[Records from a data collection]
..........
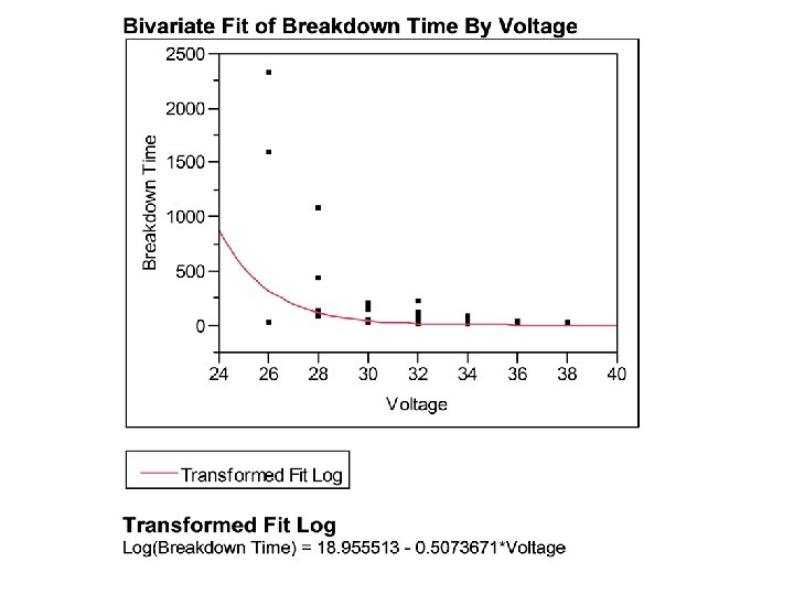 Interpreting Coefficients When Y is Logged But Not X • Example: In an industrial laboratory, under uniform conditions, batches of electrical insulating fluid were subject to constant voltages until the insulating property of the fluids broke down. • Goal: Estimate E(Y|X), where Y=Breakdown Time, X=Voltage Level • The log Y transformation works well for this data:
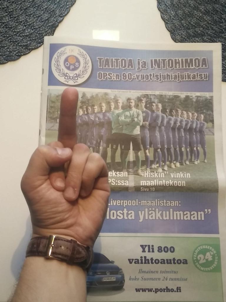 Varmaan Miiga käynyt laittamassa. Olethan ahkerasti muistanut tänne kirjoittaa. Oliko postinkantaja kalju, OPS:n verkkarit päällä ja huusi "pusap". Mieti vähän mitä tänne kirjoitat, ymmärrän kyllä kun oma seura elää talouden ehdoilla.
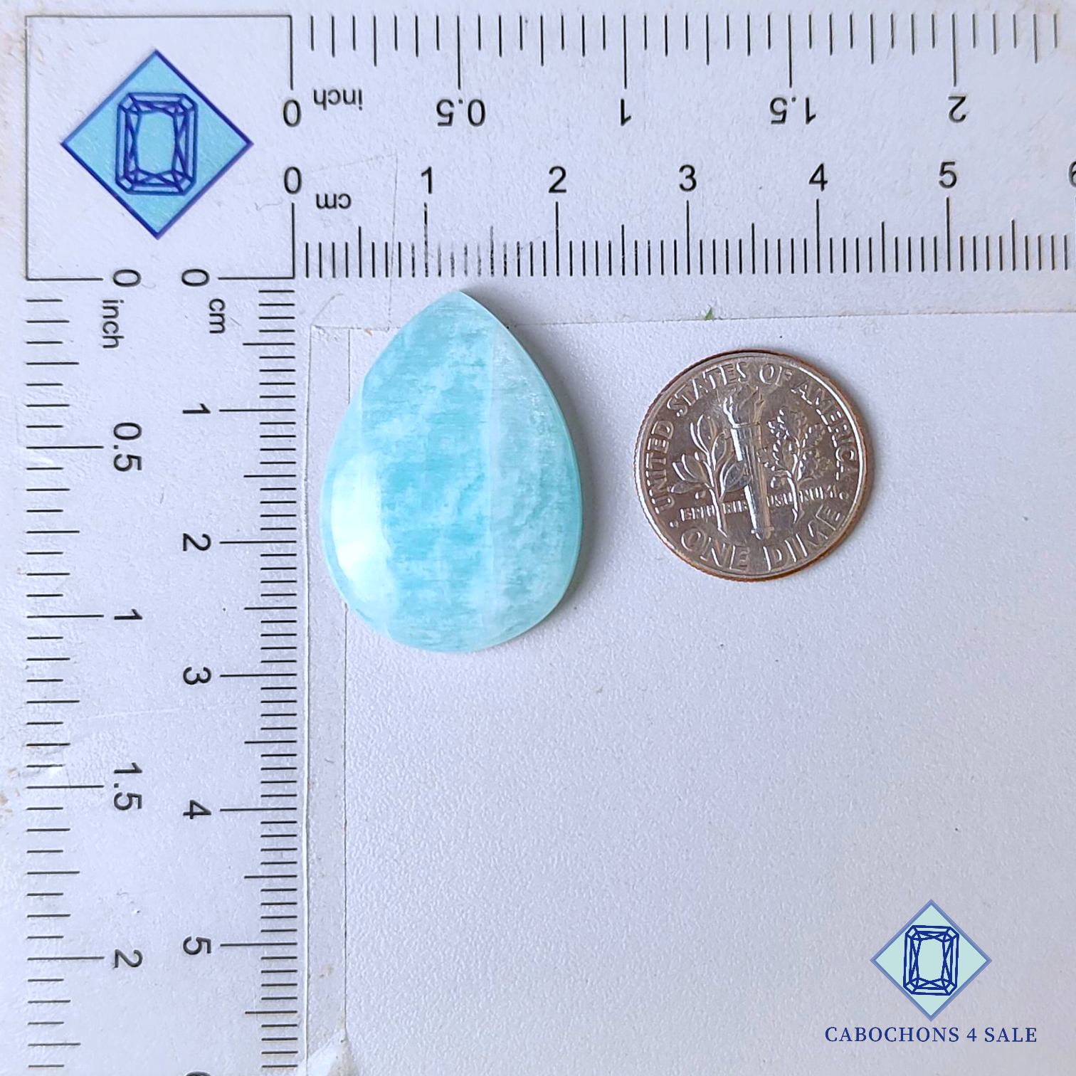 Deslice las imágenes para ver la piedra con la tabla de dimensiones. Esta es una gema de amazonita. El producto es una gema natural, de forma pera y translúcida. La amazonita es de color azul y mide 27 x 19 x 5 mm. La claridad de esta pieza es translúcida. El producto está disponible exactamente como se muestra en la imagen: 1 pieza de cabujones de amazonita con certificación de pera por el precio indicado anteriormente.
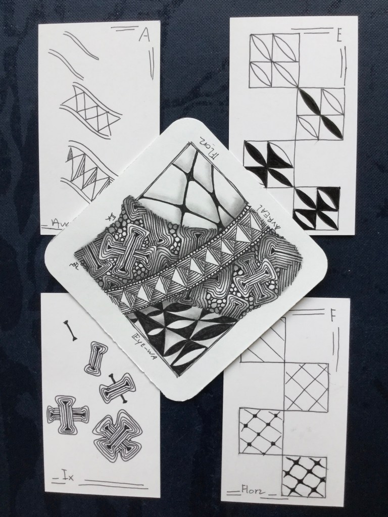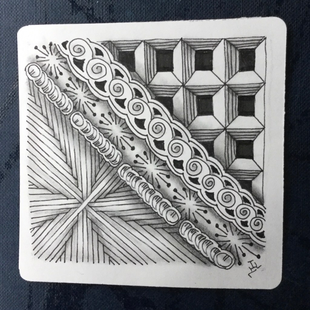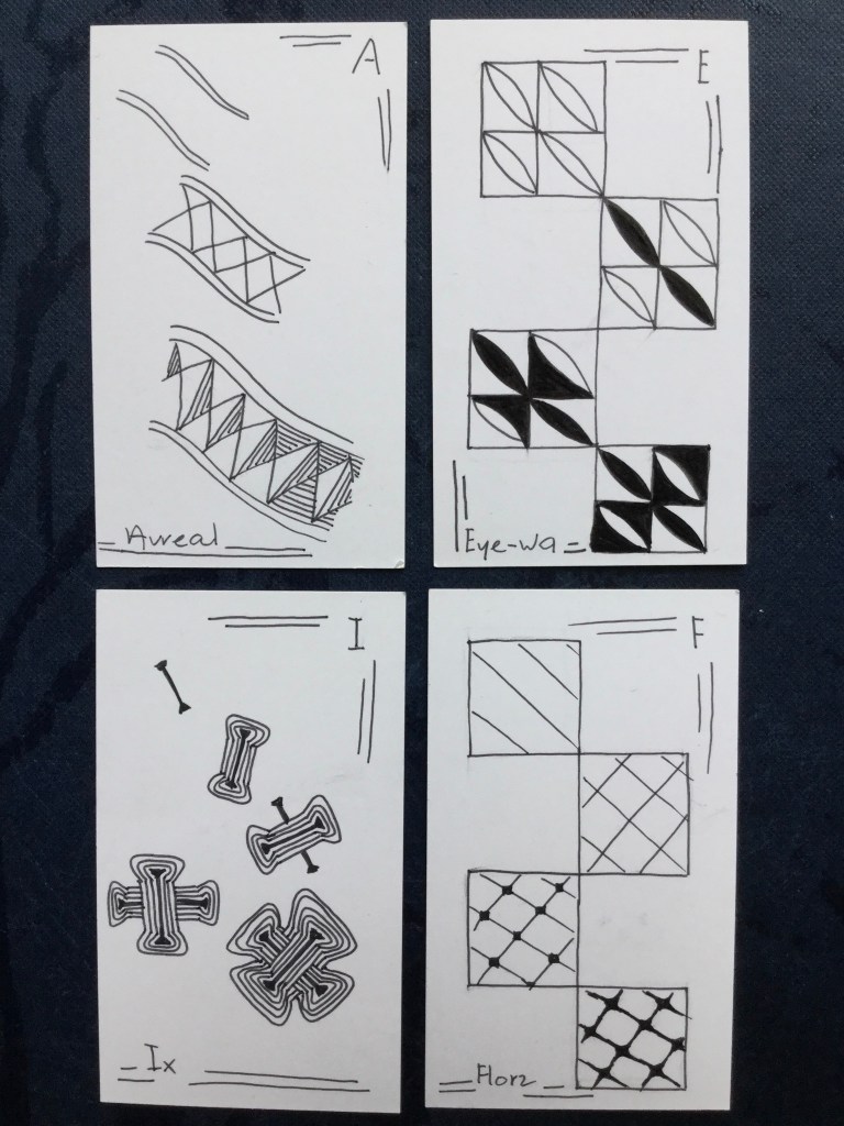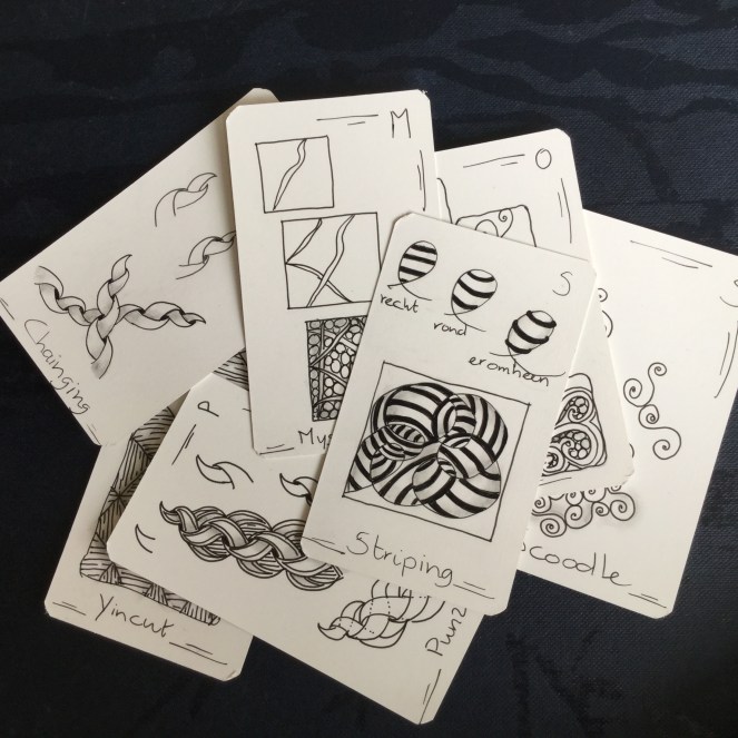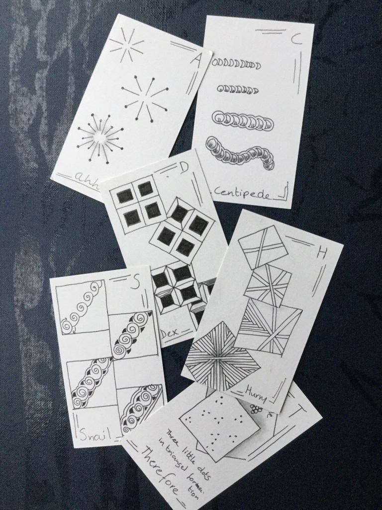 Maar ja, elke week tangles kiezen is soms best lastig, dus: een thema bedacht. Dit werd: alfabet serie. Elke week tekenen we een tile met tangles die beginnen met een letter van het alfabet.
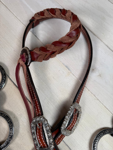 Crafted from medium oiled leather, this one ear headstall and breastcollar set delivers classic performance with handcrafted details. The headstall features a twisted braid design on the ear and cheeks, adding a textured touch that elevates its Western appeal.
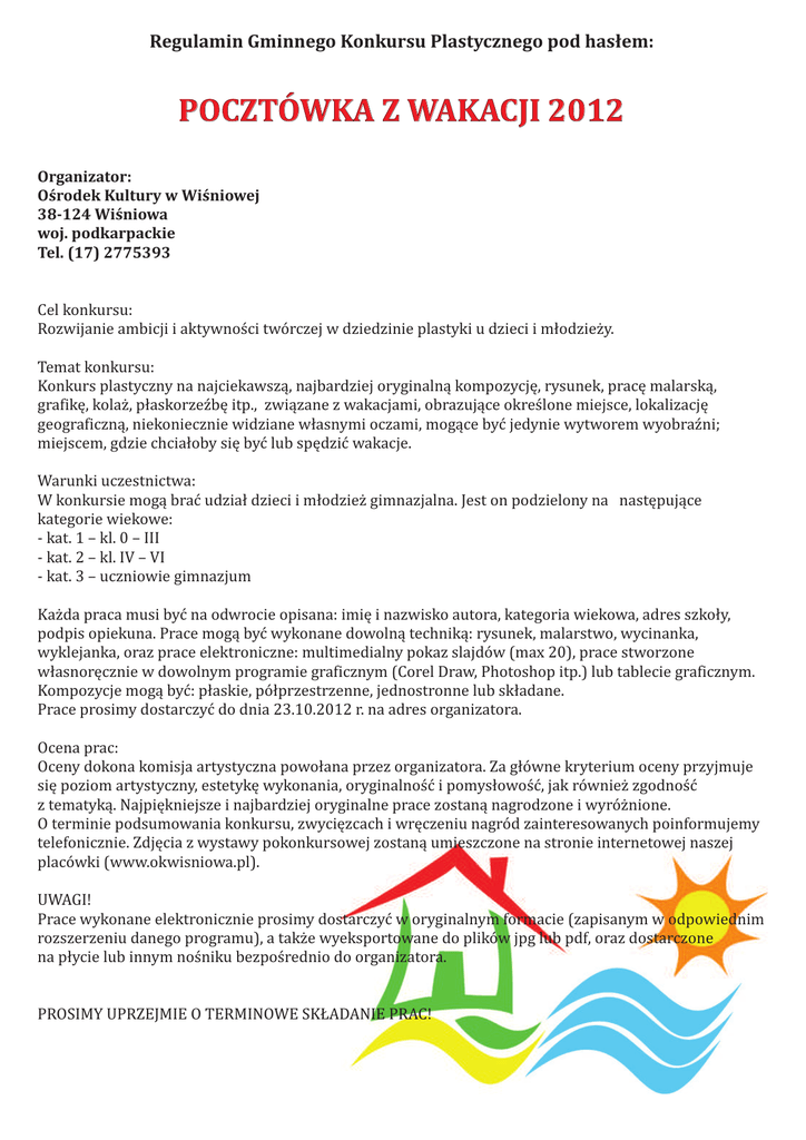 Regulamin Gminnego Konkursu Plastycznego pod hasłem: POCZTÓWKA Z WAKACJI 2012 Organizator: Ośrodek Kultury w Wiśniowej 38-124 Wiśniowa woj. podkarpackie Tel. (17) 2775393 Cel konkursu: Rozwijanie ambicji i aktywności twórczej w dziedzinie plastyki u dzieci i młodzieży. Temat konkursu: Konkurs plastyczny na najciekawszą, najbardziej oryginalną kompozycję, rysunek, pracę malarską, grafikę, kolaż, płaskorzeźbę itp., związane z wakacjami, obrazujące określone miejsce, lokalizację geograficzną, niekoniecznie widziane własnymi oczami, mogące być jedynie wytworem wyobraźni; miejscem, gdzie chciałoby się być lub spędzić wakacje. Warunki uczestnictwa: W konkursie mogą brać udział dzieci i młodzież gimnazjalna. Jest on podzielony na następujące kategorie wiekowe: - kat. 1 – kl. 0 – III - kat. 2 – kl. IV – VI - kat. 3 – uczniowie gimnazjum Każda praca musi być na odwrocie opisana: imię i nazwisko autora, kategoria wiekowa, adres szkoły, podpis opiekuna. Prace mogą być wykonane dowolną techniką: rysunek, malarstwo, wycinanka, wyklejanka, oraz prace elektroniczne: multimedialny pokaz slajdów (max 20), prace stworzone własnoręcznie w dowolnym programie graficznym (Corel Draw, Photoshop itp.) lub tablecie graficznym. Kompozycje mogą być: płaskie, półprzestrzenne, jednostronne lub składane. Prace prosimy dostarczyć do dnia 23.10.2012 r. na adres organizatora. Ocena prac: Oceny dokona komisja artystyczna powołana przez organizatora. Za główne kryterium oceny przyjmuje się poziom artystyczny, estetykę wykonania, oryginalność i pomysłowość, jak również zgodność z tematyką. Najpiękniejsze i najbardziej oryginalne prace zostaną nagrodzone i wyróżnione. O terminie podsumowania konkursu, zwycięzcach i wręczeniu nagród zainteresowanych poinformujemy telefonicznie. Zdjęcia z wystawy pokonkursowej zostaną umieszczone na stronie internetowej naszej placówki (www.okwisniowa.pl). UWAGI! Prace wykonane elektronicznie prosimy dostarczyć w oryginalnym formacie (zapisanym w odpowiednim rozszerzeniu danego programu), a także wyeksportowane do plików jpg lub pdf, oraz dostarczone na płycie lub innym nośniku bezpośrednio do organizatora. PROSIMY UPRZEJMIE O TERMINOWE SKŁADANIE PRAC!
..........
▶ THE TASK
Set the records down again word for word; the pictures stay out.

▶ TASK ANSWER
 Interpreting Coefficients When Y is Logged But Not X • Example: In an industrial laboratory, under uniform conditions, batches of electrical insulating fluid were subject to constant voltages until the insulating property of the fluids broke down. • Goal: Estimate E(Y|X), where Y=Breakdown Time, X=Voltage Level • The log Y transformation works well for this data:
 Varmaan Miiga käynyt laittamassa. Olethan ahkerasti muistanut tänne kirjoittaa. Oliko postinkantaja kalju, OPS:n verkkarit päällä ja huusi "pusap". Mieti vähän mitä tänne kirjoitat, ymmärrän kyllä kun oma seura elää talouden ehdoilla.
 Deslice las imágenes para ver la piedra con la tabla de dimensiones. Esta es una gema de amazonita. El producto es una gema natural, de forma pera y translúcida. La amazonita es de color azul y mide 27 x 19 x 5 mm. La claridad de esta pieza es translúcida. El producto está disponible exactamente como se muestra en la imagen: 1 pieza de cabujones de amazonita con certificación de pera por el precio indicado anteriormente.
 Maar ja, elke week tangles kiezen is soms best lastig, dus: een thema bedacht. Dit werd: alfabet serie. Elke week tekenen we een tile met tangles die beginnen met een letter van het alfabet.
 Crafted from medium oiled leather, this one ear headstall and breastcollar set delivers classic performance with handcrafted details. The headstall features a twisted braid design on the ear and cheeks, adding a textured touch that elevates its Western appeal.
 Regulamin Gminnego Konkursu Plastycznego pod hasłem: POCZTÓWKA Z WAKACJI 2012 Organizator: Ośrodek Kultury w Wiśniowej 38-124 Wiśniowa woj. podkarpackie Tel. (17) 2775393 Cel konkursu: Rozwijanie ambicji i aktywności twórczej w dziedzinie plastyki u dzieci i młodzieży. Temat konkursu: Konkurs plastyczny na najciekawszą, najbardziej oryginalną kompozycję, rysunek, pracę malarską, grafikę, kolaż, płaskorzeźbę itp., związane z wakacjami, obrazujące określone miejsce, lokalizację geograficzną, niekoniecznie widziane własnymi oczami, mogące być jedynie wytworem wyobraźni; miejscem, gdzie chciałoby się być lub spędzić wakacje. Warunki uczestnictwa: W konkursie mogą brać udział dzieci i młodzież gimnazjalna. Jest on podzielony na następujące kategorie wiekowe: - kat. 1 – kl. 0 – III - kat. 2 – kl. IV – VI - kat. 3 – uczniowie gimnazjum Każda praca musi być na odwrocie opisana: imię i nazwisko autora, kategoria wiekowa, adres szkoły, podpis opiekuna. Prace mogą być wykonane dowolną techniką: rysunek, malarstwo, wycinanka, wyklejanka, oraz prace elektroniczne: multimedialny pokaz slajdów (max 20), prace stworzone własnoręcznie w dowolnym programie graficznym (Corel Draw, Photoshop itp.) lub tablecie graficznym. Kompozycje mogą być: płaskie, półprzestrzenne, jednostronne lub składane. Prace prosimy dostarczyć do dnia 23.10.2012 r. na adres organizatora. Ocena prac: Oceny dokona komisja artystyczna powołana przez organizatora. Za główne kryterium oceny przyjmuje się poziom artystyczny, estetykę wykonania, oryginalność i pomysłowość, jak również zgodność z tematyką. Najpiękniejsze i najbardziej oryginalne prace zostaną nagrodzone i wyróżnione. O terminie podsumowania konkursu, zwycięzcach i wręczeniu nagród zainteresowanych poinformujemy telefonicznie. Zdjęcia z wystawy pokonkursowej zostaną umieszczone na stronie internetowej naszej placówki (www.okwisniowa.pl). UWAGI! Prace wykonane elektronicznie prosimy dostarczyć w oryginalnym formacie (zapisanym w odpowiednim rozszerzeniu danego programu), a także wyeksportowane do plików jpg lub pdf, oraz dostarczone na płycie lub innym nośniku bezpośrednio do organizatora. PROSIMY UPRZEJMIE O TERMINOWE SKŁADANIE PRAC!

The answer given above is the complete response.